Hi all,
We have a network on unmanaged switches ranging from NDR to EDR, with MLNX OpenSM being the subnet manager running on an EDR node connected to an EDR switch. Currently in opensm logs we see
******************************************************************
*********************** HEAVY SWEEP START ************************
******************************************************************
Aug 19 10:24:50 910089 [2A2A76C0] 0x02 -> do_sweep: Entering heavy sweep with flags: force_heavy_sweep 1, coming out of standby 0, subnet initialization error 0, sm port change 0
Aug 19 10:24:50 940459 [2A2A76C0] 0x02 -> updn_lid_matrices: disabling UPDN algorithm, no root nodes were found
Aug 19 10:24:50 940501 [2A2A76C0] 0x01 -> ucast_mgr_route: ar_updn: cannot build lid matrices.

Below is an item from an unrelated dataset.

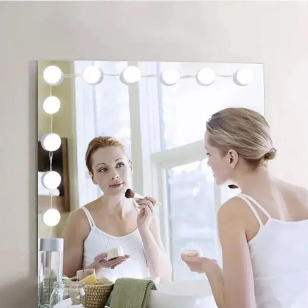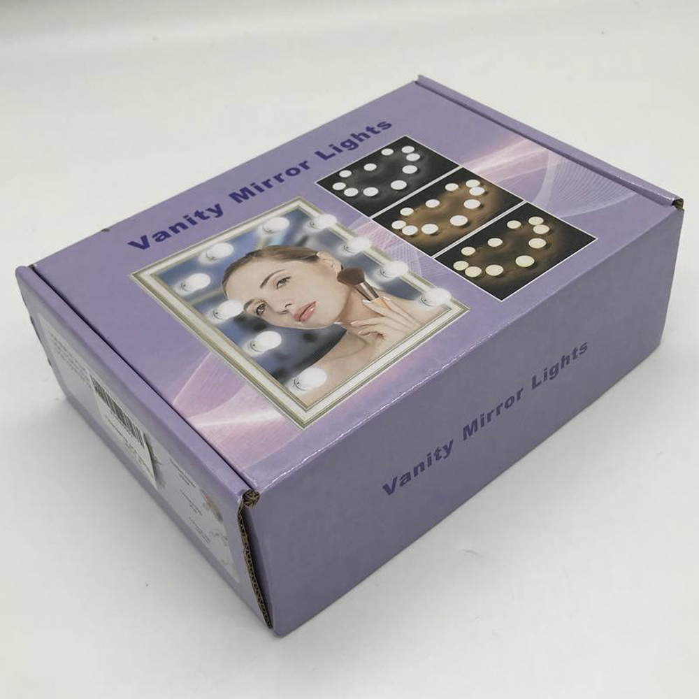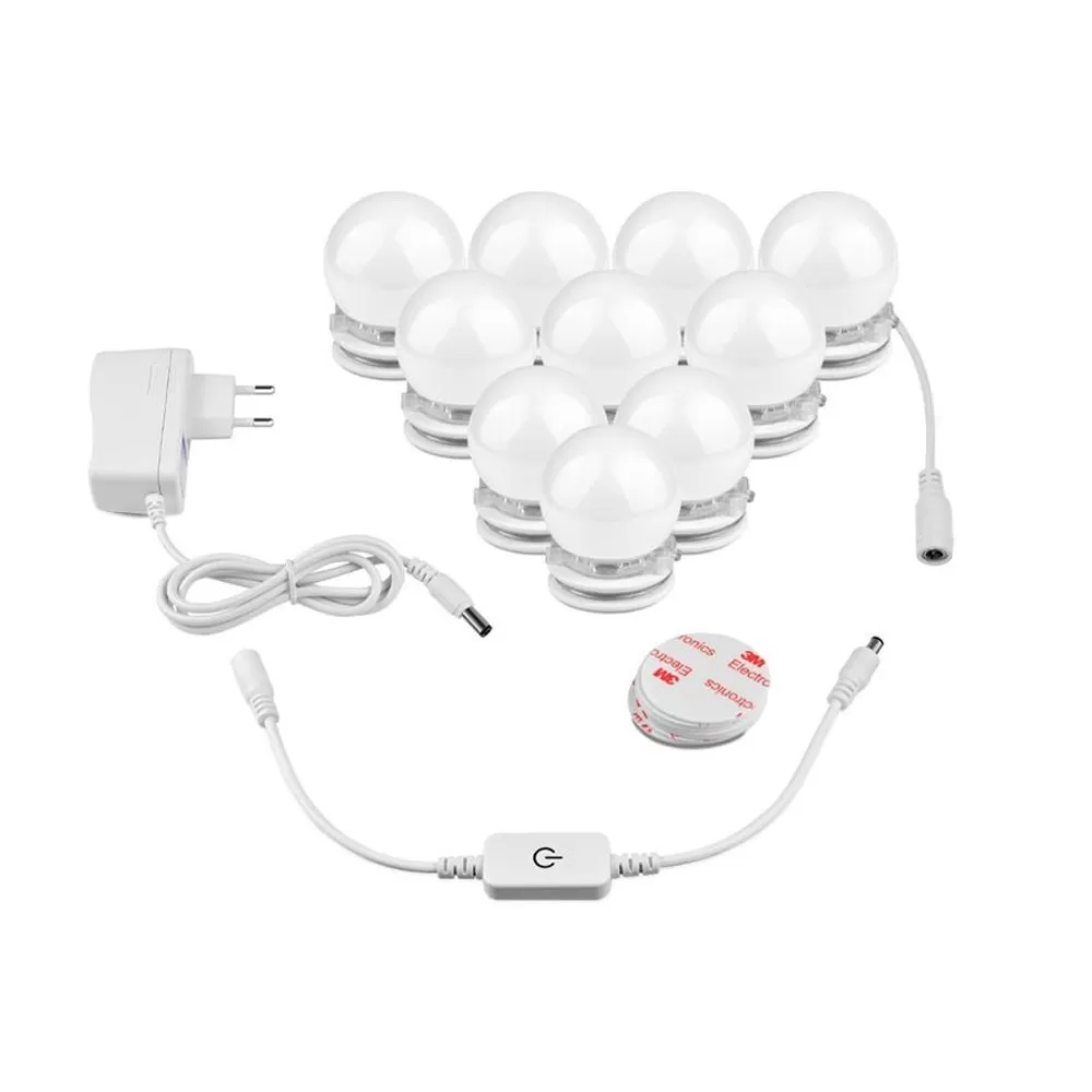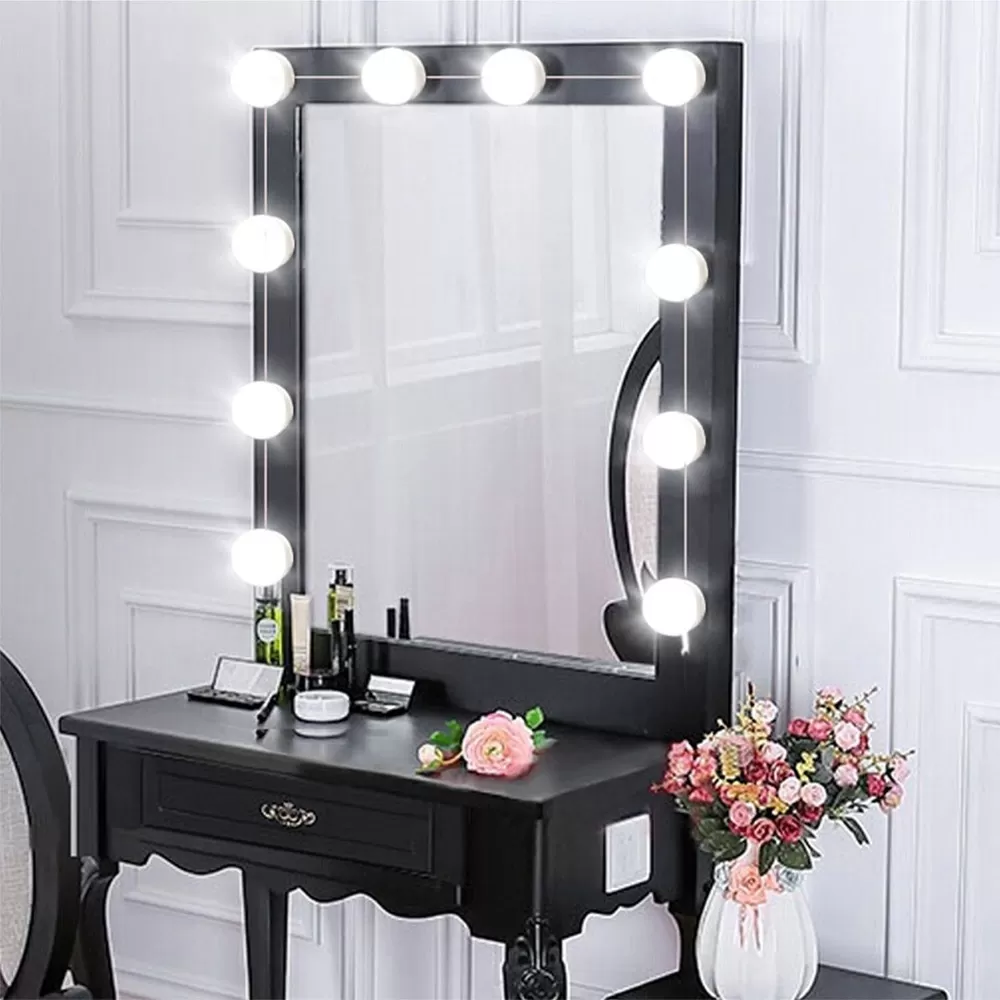 10 светодиодных лампочек в голливудском стиле с регулируемой яркостью света, обеспечивающих достаточную яркость для макияжа. Лампы от 6000K до 6500K рекомендуются профессиональными визажистами. Она мягкая и не ослепительная.

Aug 19 10:24:50 951336 [2A2A76C0] 0x02 -> osm_ucast_mgr_process: minhop tables configured on all switches
Aug 19 10:24:51 019910 [2A2A76C0] 0x02 -> SUBNET UP
Aug 19 10:24:51 389593 [709326C0] 0x01 -> log_trap_info: Received Generic Notice type:1 num:128 (Link state change) Producer:2 (Switch) from LID:101 TID:0x0000388b00000080
Aug 19 10:24:52 493189 [639186C0] 0x01 -> log_trap_info: Received Generic Notice type:1 num:128 (Link state change) Producer:2 (Switch) from LID:101 TID:0x0000388c00000080
Aug 19 10:24:53 596876 [7693E6C0] 0x01 -> log_trap_info: Received Generic Notice type:1 num:128 (Link state change) Producer:2 (Switch) from LID:101 TID:0x0000388d00000080
Aug 19 10:24:54 700521 [699246C0] 0x01 -> log_trap_info: Received Generic Notice type:1 num:128 (Link state change) Producer:2 (Switch) from LID:101 TID:0x0000388e00000080
Aug 19 10:24:57 297814 [6B9286C0] 0x01 -> log_trap_info: Received Generic Notice type:1 num:128 (Link state change) Producer:2 (Switch) from LID:101 TID:0x0000388f00000080
Aug 19 10:24:58 401113 [6F9306C0] 0x01 -> log_trap_info: Received Generic Notice type:1 num:128 (Link state change) Producer:2 (Switch) from LID:101 TID:0x0000389000000080
Aug 19 10:24:59 569785 [689226C0] 0x01 -> log_trap_info: Received Generic Notice type:1 num:128 (Link state change) Producer:2 (Switch) from LID:101 TID:0x0000389100000080
Aug 19 10:25:01 025736 [2A2A76C0] 0x02 -> do_sweep:
This is constantly going on and as a result if the node goes down, our infiniband network crashes, without the backup opensm coming up. LID-101 is one of our NDR switches, the details of which are:
mlxlink -d lid-101
Operational Info
----------------
State : Active
Physical state : LinkUp
Speed : IB-NDR
Width : 4x
FEC : Ethernet_Consortium_LL_50G_RS_FEC_PLR -(272,257+1)
Loopback Mode : No Loopback
Auto Negotiation : ON
Supported Info
--------------
Enabled Link Speed : 0x000000f1 (NDR,HDR,EDR,FDR,SDR)
Supported Cable Speed : 0x000000f1 (NDR,HDR,EDR,FDR,SDR)
Troubleshooting Info
--------------------
Status Opcode : 0
Group Opcode : N/A
Recommendation : No issue was observed
Tool Information
----------------
Firmware Version : 31.2012.4036
amBER Version : 3.2
MFT Version : mft 4.28.0-92
Can someone help me troubleshoot this? As this is causing quite a few issues within our cluster.